Aix : Les hommes des
candidats
Municipales Aix : Ils ne posent pas sur les photos officielles. Mais ne sont jamais bien loin de l'objectif. Leur téléphone
portable est leur meilleur ami, l'art de l'euphémisme, leur plus solide allié. Origines plurielles et parcours forcément singuliers, ces directeurs de campagne oeuvrent dans l'ombre des candidats
à façonner leur image, définir les stratégies de communication, gérer les équipes de campagne, surveiller la concurrence.
Tout en parant les torpilles qui viennent, aussi parfois, de l'intérieur. Un travail à plein-temps pour ces hommes au caractère plutôt rond en apparence et au sang-froid nécessaire pour déjouer
les attaques sur le terrain -forcément miné - de la politique. Ami, éminence grise, conseil... Ils donnent tout leur temps à la cause. Rencontres.

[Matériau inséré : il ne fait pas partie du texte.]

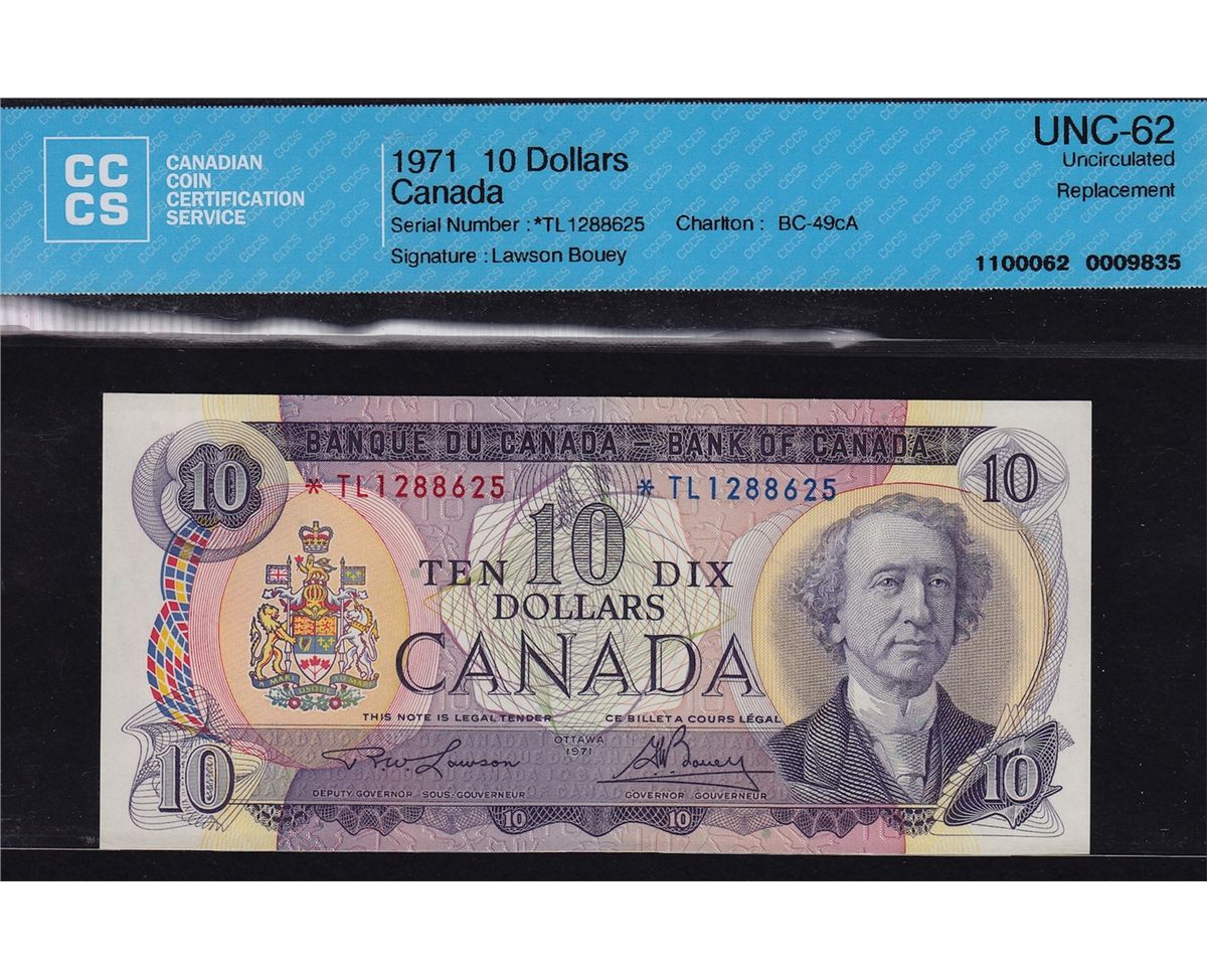 1971 Bank of Canada $10 Replacement - BC-49cA CCCS UNC-62 S/N:*TL1288625.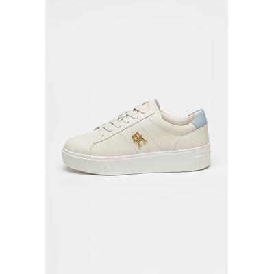 Кожени спортни обувки с лого, Бял/Светлосин Tommy Hilfiger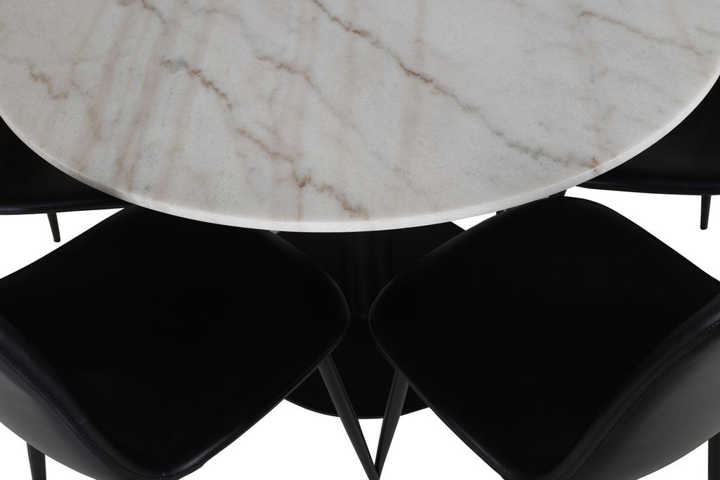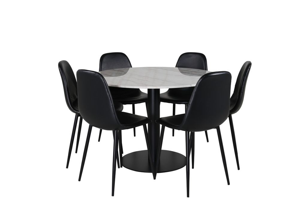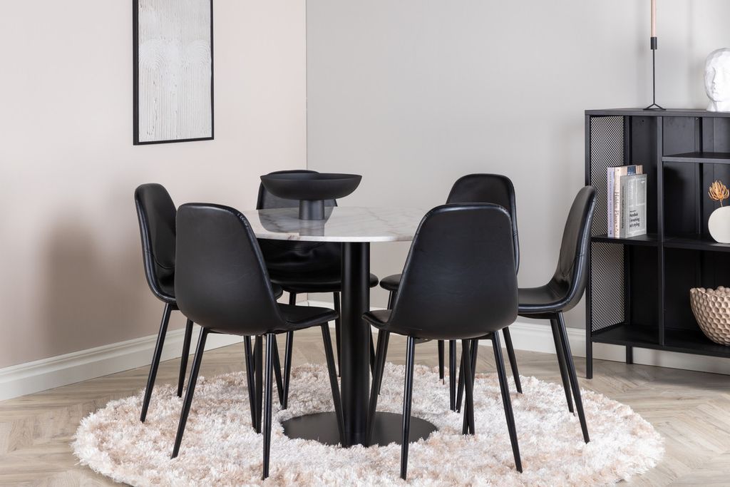 Venture Home Polar & Estelle 6 st Matstolar Svart + Runt Matbord ⌀106 Vit
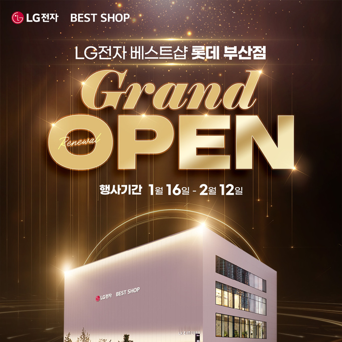 가전 전문 매장 LG전자 베스트샵 롯데 부산점은 대대적인 매장 리뉴얼을 마치고 이를 기념해 오는 1월 16일부터 2월 12일까지 ‘리뉴얼 그랜드 오픈 가전 세일 행사’를 진행한다고 밝혔다.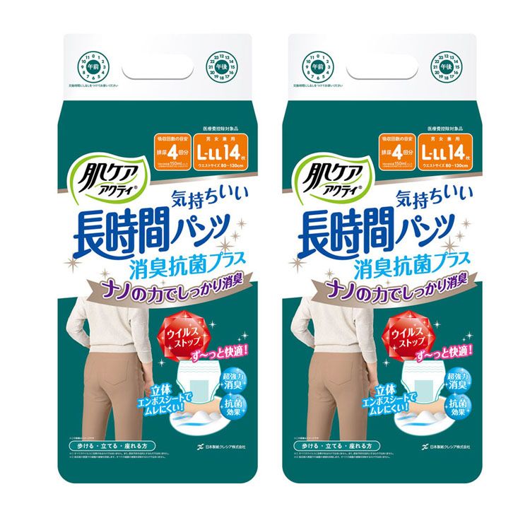 【医療控除対象品】弱くなりがちなシニアの肌へおすすめな介護おむつ。 歩ける方、立てる方、座れる方に。 尿・汗・便臭をやわらげる抗菌効果のある超強力消臭シートで、気になるニオイも瞬間消臭。 「ウイルスストップ」機能で、シート状のウイルスの数も減少。 (※すべてのウイルスに効果があるわけではありません。 また、感染予防を目的とするものではございません。 )「立体エンボスさらっふわっ快適シート」でムレにくく、お肌にやさしい。 お腹まわりゆったり+背中はぴったりフィットするから、どんな姿勢でもはき心地快適。 吸収体「スリット」で股下にもぴったりフィットし、モレにくい。 お試しにも便利なL-LLサイズ、14枚、レギュラータイプ。 ●容量(枚数)14枚×2個セット●サイズL〜LL●ウエストサイズウエストサイズ:80cm〜130●吸収量目安おしっこ約4回分※1回の吸収量の目安を150mlの場合●その他後処理テープ付き(検索用:肌ケアアクティ 大人用紙おむつ 介護オムツ 長時間パンツ おしっこ約4回分 L-LL 消臭 抗菌 14枚 医療控除対象品 4901750806538) 最強翌日配送対象商品に関するご案内 最強翌日配送対象商品・対象地域に該当する場合は最強翌日配送マークがご注文カゴ近くに表示されます。 最強翌日配送可能なお支払方法は【クレジットカード、代金引換、全額ポイント支払い】のみとなります。 下記の場合は最強翌日配送対象外となります。 ・15点以上ご購入いただいた場合 ・時間指定がある場合 ・ご注文時備考欄にご記入がある場合 ・決済処理にお時間を頂戴する場合 ・郵便番号や住所に誤りがある場合 ・最強翌日配送対象外の商品とご一緒にご注文いただいた場合 ・お届け先住所文字数が40文字以上の場合 【2個セット】 肌ケア アクティ 大人用紙おむつ 長時間パンツ 約4回分 消臭抗菌プラス L-LL 14枚 肌ケアアクティ 大人用紙おむつ 介護オムツ 長時間パンツ おしっこ約4回分 L-LL 消臭 抗菌 14枚 医療控除対象品 紙クレシア 【D】 2,647 円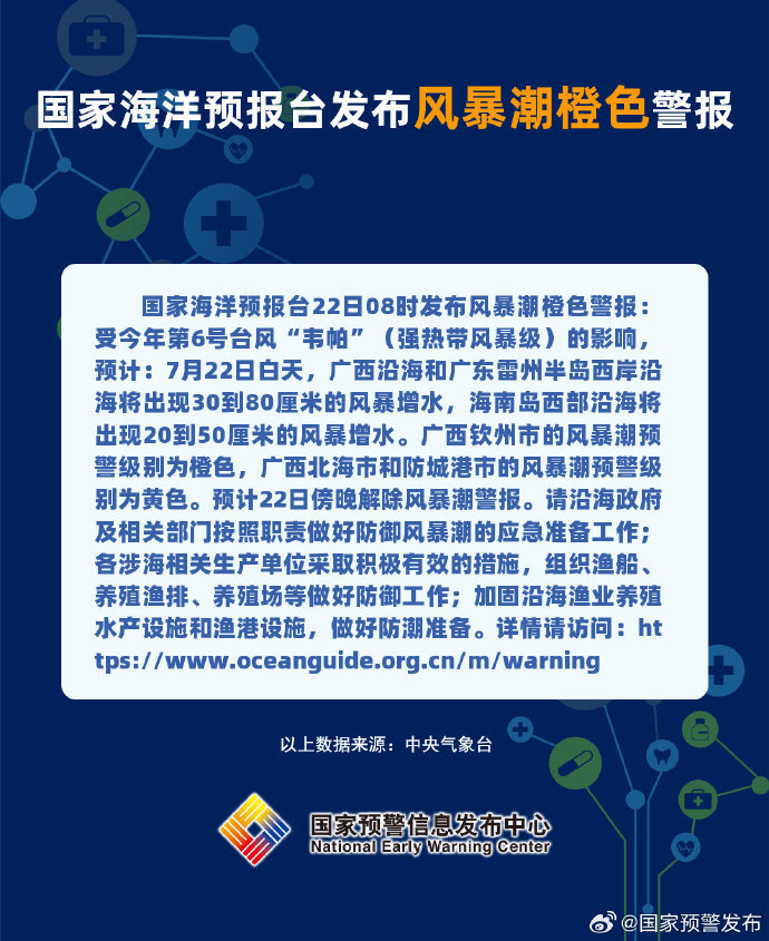 国家海洋预报台7月22日08时发布海浪蓝色警报:受今年第6号台风“韦帕”(强热带风暴级)的影响,预计:7月22日白天,北部湾将出现3到5米的大浪到巨浪区;广西、海南近岸海域将出现2到3米的中浪到大浪,近岸海域海浪预警级别为蓝色。预计今天下午至傍晚视情况解除海浪警报。 国家海洋预报台22日08时发布风暴潮橙色警报:受今年第6号台风“韦帕”(强热带风暴级)的影响,预计:7月22日白天,广西沿海和广东雷州半岛西岸沿海将出现30到80厘米的风暴增水,海南岛西部沿海将出现20到50厘米的风暴增水。广西钦州市的风暴潮预警级别为橙色,广西北海市和防城港市的风暴潮预警级别为黄色。预计22日傍晚解除风暴潮警报。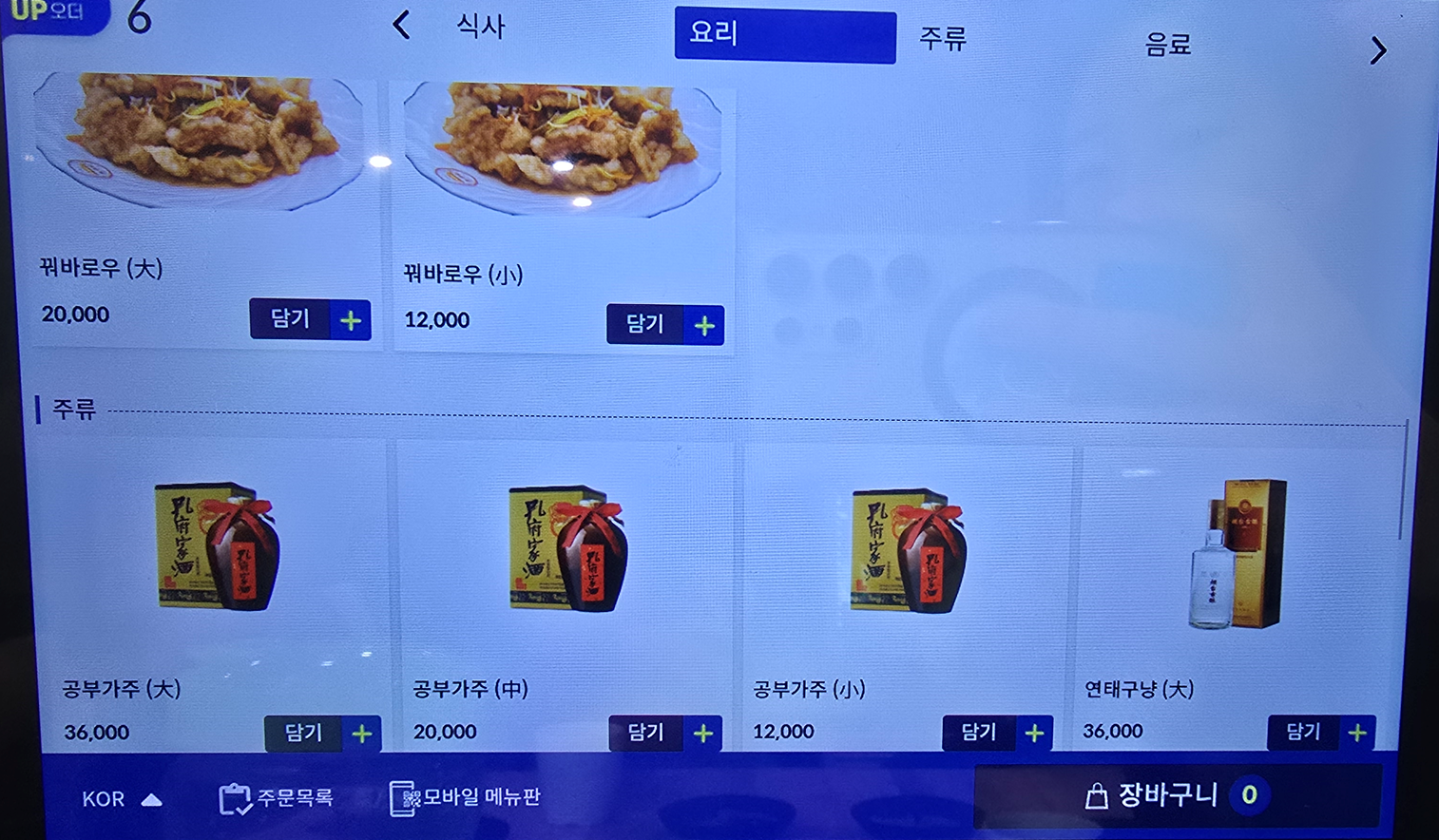 동승루는 만두가 유명해서 메뉴가 만두, 식사, 요리로 구분되어 있습니다.

Avec Michel Pezet : Antony Sette, le jeune loup rocardien
A 32 ans, l'auditeur financier porte une double casquette : celle de directeur de campagne et n°5 de la liste.
En 1994, Antony Sette est élu conseiller municipal à Salernes (Var). Il a 19 ans. "Mon père était élu, président du club de foot et d'autres associations, il en avait marre. Le maire de
l'époque voulait un jeune. Je l'étaiset j'avais un nom." Aujourd'hui, à 32 ans, c'est le directeur de campagne d'un vieux loup du PS et le troisième homme de la liste PS dissidente derrière
Michel Pezet et Jean-François Picheral (le 5 e colistier par le jeu de la parité).
Entre-temps, Antony Sette a fait une école de commerce, lu Les moyens d'en sortir de Michel Rocard, que son père admirait, et transformé le respect atavique en collaboration fructueuse.
"Je lui ai écrit et j'ai harcelé sa secrétaire jusqu'à ce qu'il m'accorde un rendez-vous…" Alors député européen, Rocard se laisse séduire par ce jeune impétueux, l'aide à troquer un
quelconque statut de grouillot dans une obscure caserne contre un poste au ministère de la Défense avant de le garder comme collaborateur et de l'entraîner dans les coulisses du Parlement
européen. "Il m'a appris à lire et à écrire, il me faisait refaire vingt fois le même courrier", raconte-t-il aujourd'hui.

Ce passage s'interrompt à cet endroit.